Q. How sardar's use to make people fool??????????
A. By finding out the corner of  a circle.

A sardar's response to the comment, "THINK about it!":

"I don't have to think-I'm sardar!"

A sardar was walking along, when he looked up to observe a bird flying overhead. Suddenly, the bird drops a load when it was directly over him. The
sardar says, "Good thing that cows don't fly.
A sardar is in a bar and his cellular phone rings,
so he picks it up and says " Hello, how did you know I was here?"
How many sardars does it take to pull off  a kidnapping?
Six. One to kidnap the victim and five to write the ransom note.
Why are sardar secret agents the best in the world?
Because even under torture they can't remember what they have been assigned to.
Did you hear about the sardar who signed all his checks so no one else could
use them if he lost his checkbook?
Did you hear about the sardar who asked his friends to give him all their burnt out light bulbs?
He just bought a camera and wanted to set up a Darkroom
Banta Singh was painting his living room one hot day. "Why", his friend Santa Singh asked him, "are you wearing two jackets?".
"Because," said Banta Singh, "The directions on the can said to put on two coats."
A sardar was given the job of painting the white lines down the middle of a
highway. On his first day he painted six miles; the next day three miles;
the following day less than a mile.then the foreman asked the sardar why he
kept painting less each day,he replied "I just can't do any better.
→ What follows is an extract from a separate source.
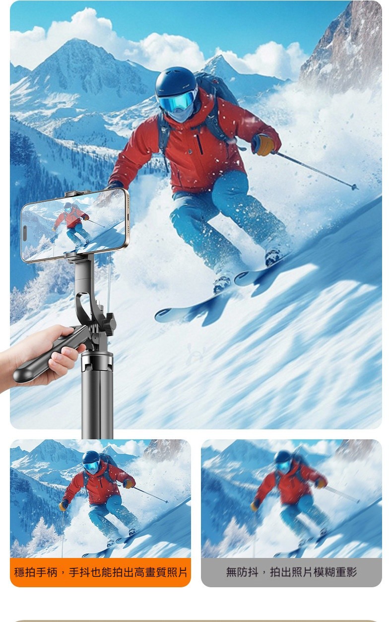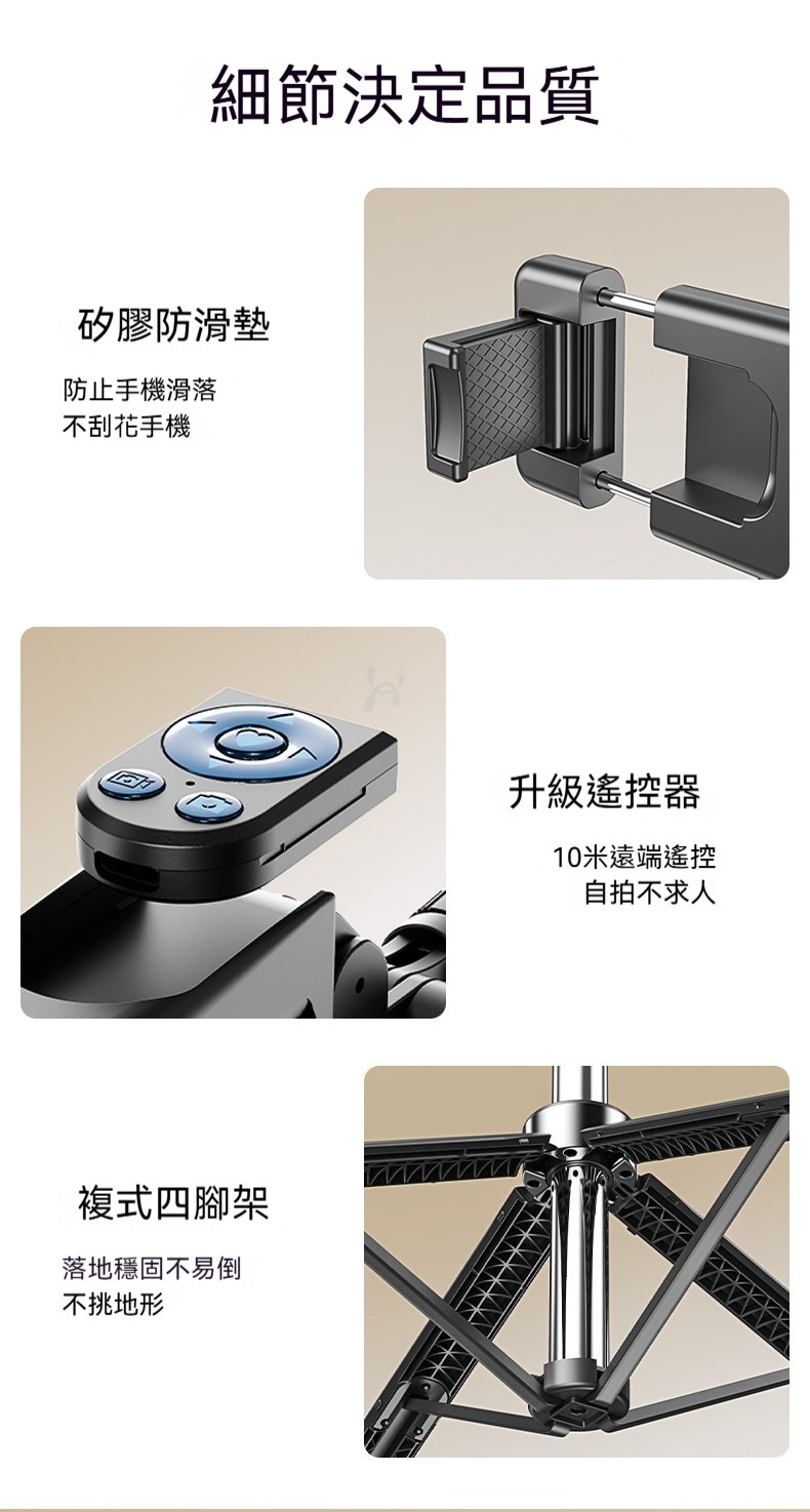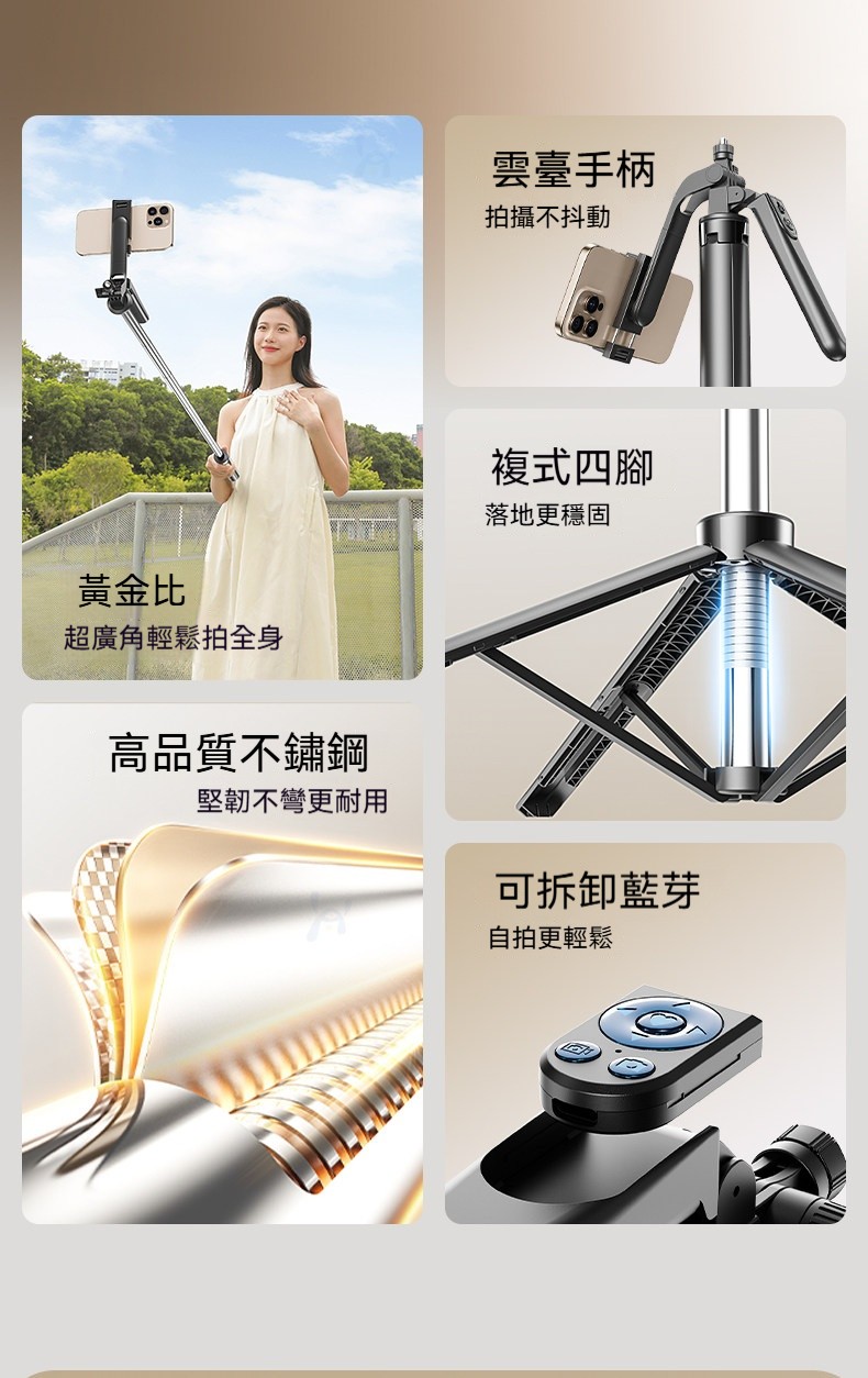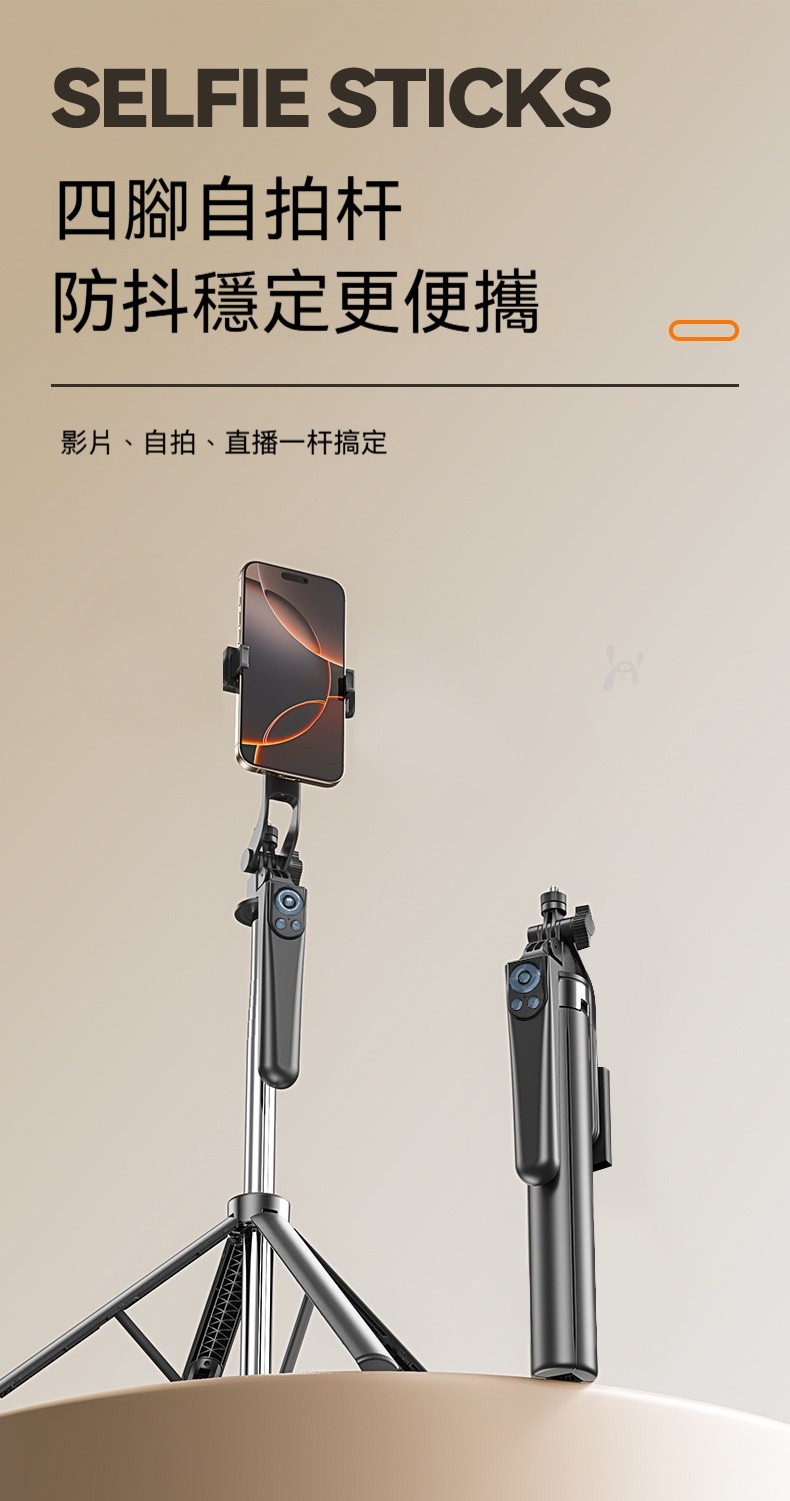 四軸防抖自拍杆|1.7米超廣角+20米遙控✨ 首創複式四腳架,穩如泰山不晃動! 直播、拍片、自拍、追劇一支搞定!

Each day I keep getting farther away from the paint can."
Why do sardars have see-through lunch box lids?
So that when they're on the train they can tell if they're going to work or
coming home.
Sardarji ( to doctor ) : 'Doctor, I have a problem.'
Doctor : 'What's your problem?'
Sardarji : 'I keep forgetting things.'
Doctor : 'Since when do you have this problem?'
Sardarji : 'What problem?'
Why couldn't the sardar write the number "eleven"?
He didn't know which "one" came first...
A sardar walked up to the front desk of the library and said, "I borrowed a book last week, but it was the most boring I've ever read. There was no story whatsoever, and there were far too many characters!"
The librarian replied, "Oh, you must be the person who took our phone book."